To become familiar with available financial support programs in the Member States, it is advisable for would-be contractors to develop a sound understanding of the country’s cohesion policy indicators. For more information on these programs, please see the Market Intelligence section on the website of the U.S. Mission to the EU.
The Cohesion Fund
The Cohesion Fund is another instrument of the EU’s policy. The Cohesion Fund supports investments in the field of environment and trans-European networks in the area of transport infrastructure (TEN-T). Over the 2021-2027 period, the Cohesion Fund will support projects in Bulgaria, Czechia, Estonia, Greece, Croatia, Cyprus, Latvia, Lithuania, Hungary, Malta, Poland, Portugal, Romania, Slovakia, and Slovenia.
Thirty-seven percent of the overall financial allocation of the Cohesion Fund is expected to contribute to climate objectives. These projects are, in principle, co-financed by national authorities, the European Investment Bank, and the private sector. For more information, see the Cohesion Fund and Connecting Europe Facility.
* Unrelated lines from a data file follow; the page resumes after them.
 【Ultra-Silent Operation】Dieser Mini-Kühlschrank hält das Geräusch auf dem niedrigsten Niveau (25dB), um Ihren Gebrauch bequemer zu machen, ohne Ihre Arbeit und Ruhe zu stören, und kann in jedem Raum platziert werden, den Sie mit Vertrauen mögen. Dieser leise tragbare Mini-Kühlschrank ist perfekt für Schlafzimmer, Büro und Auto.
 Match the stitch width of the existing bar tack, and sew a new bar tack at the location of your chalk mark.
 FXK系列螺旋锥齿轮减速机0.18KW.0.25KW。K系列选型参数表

Other EU Grants for Member State
Another set of sector-specific grants offer assistance to EU Member States in the fields of science, technology, communications, energy, security, environmental protection, education, training and research. Tenders related to these grants are posted on the various websites of the directorates-generals of the European Commission. Conditions for participation are strict and participation is usually restricted to EU firms or tied to EU content. Information pertaining to each of these programs can be found at the EU Funding and Tenders website.
Polish Development Fund
The Polish Development Fund (PFR) is an umbrella organization pooling resources of several governmental agencies and departments, including EU funds, to implement programs enhancing long-term investment and support for entrepreneurs. Through a financial support program for micro, small, medium, and large enterprises worth 4.5% of GDP – the so called “Financial Shield” – the PFR supported enterprises which suffered losses due to the COVID-19 pandemic.
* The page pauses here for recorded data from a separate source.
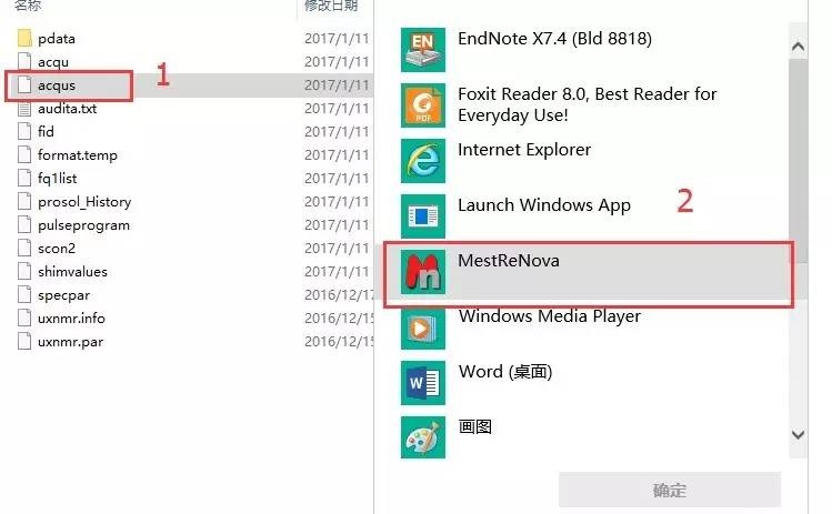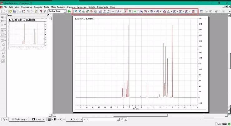 要分析核磁图,首先要先会打开它(以小编做的一个材料为例,溶剂为CDCl3)。打开文件夹,选择任意一个文件(以acqus为例)后选择用MestReNova打开。我们最常用的就是下图中红色框内的几个按钮了。
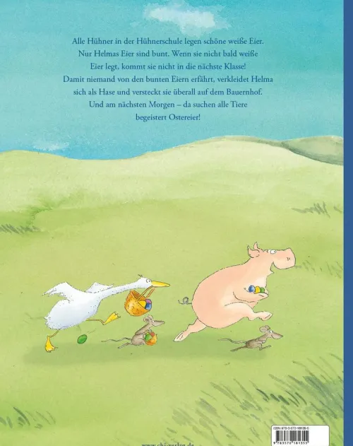 Helma ist ratlos: Als einzige Schülerin in der Hühnerschule kann sie keine weißen Eier legen. Helma produziert ein Ei nach dem anderen – alle in den leuchtendsten Farben! Wohin nun mit den vielen bunten Eiern? Schließlich darf niemand von Helmas Malheur erfahren. Da hat Helma eine geniale Idee: Sie wird sich verkleiden und die Eier auf dem Bauernhof verstecken! Am nächsten Morgen, dem Ostersonntag, wundern sich die Tiere über die schönen Eier, die sie überall finden. Nur Kuh Mona hat genau gesehen, wer die Eier verteilt hat: Es war der Hase!
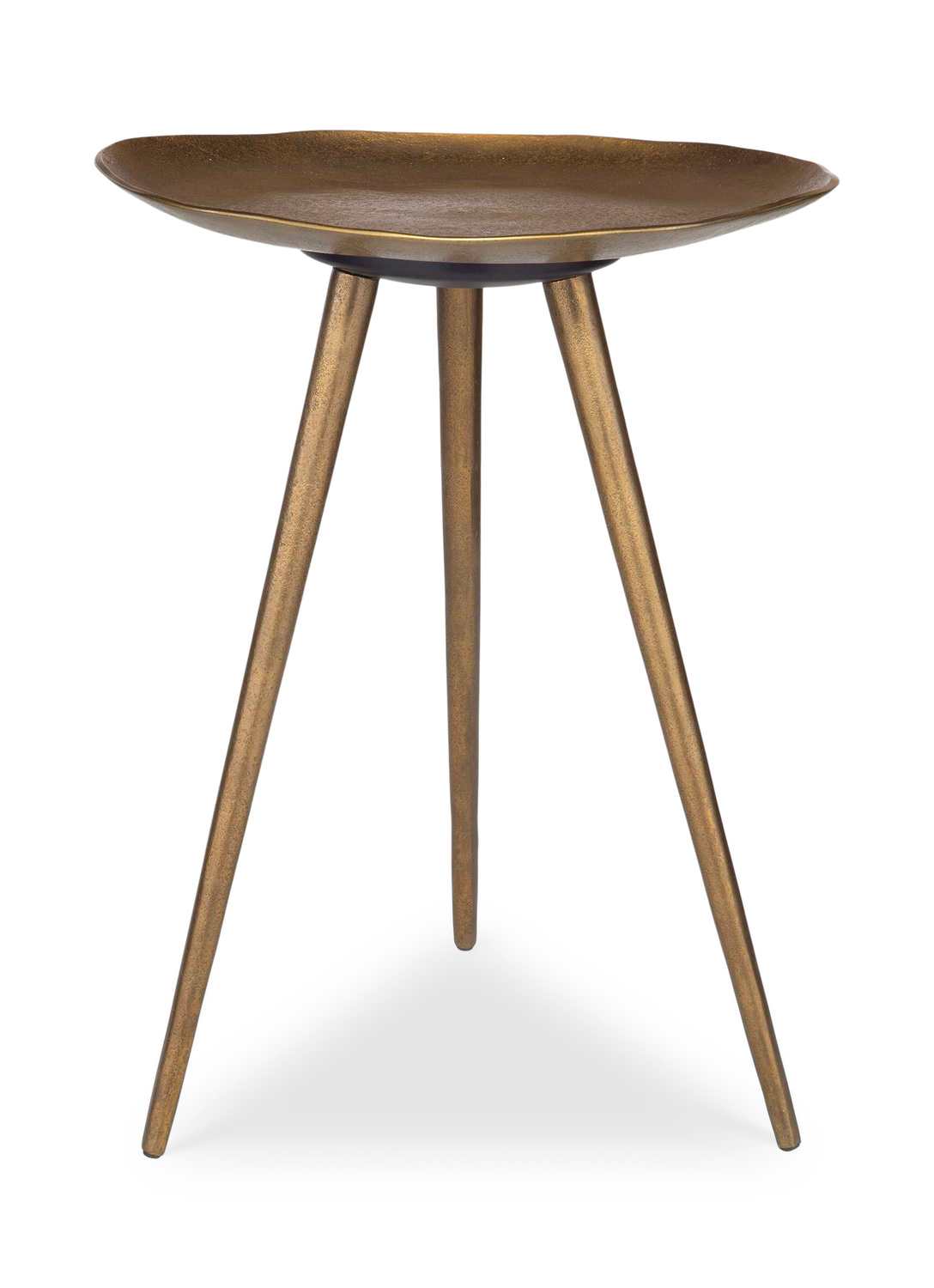 - This Unique Accent Table Is Made From Cast Aluminum In An Antique Brass Finish. The Three Slender Legs Extending Outward Give The Table Its Sturdy Tripod Base Supporting The Lily Pad Shape Top.

The PFR operates as a loose financial group of state-owned banks and insurers, investment bodies and promotion agencies, including the development bank BGK, the Export Credit Insurance Corporation (KUKE), the Industrial Development Agency (ARP), the Polish Agency for Enterprise Development (PARP), and the Polish Investment and Trade Agency (PAIH). Various actors within the organization can invest through acquisition of shares, through direct financing, seed funding, and co-financing venture capital. Depending on the instruments, PFR expects different rates of return. PFR VENTURES, the first professional investor operating on the Polish market within the Fund of Funds formula, is an entity managing the fund of funds, providing financing via venture capital funds and groups of institutional business angels for innovative SMEs at different stages of development.
The government is using PFR funds to launch investments from the National Reconstruction Plan (KPO), providing temporary financing until reimbursement is received from the EU’s Instrument for Reconstruction and Increasing Resilience (RRF). The ongoing disagreements between the government and the European Commission over judicial reform in Poland have caused the withholding of fund disbursements under the RRF.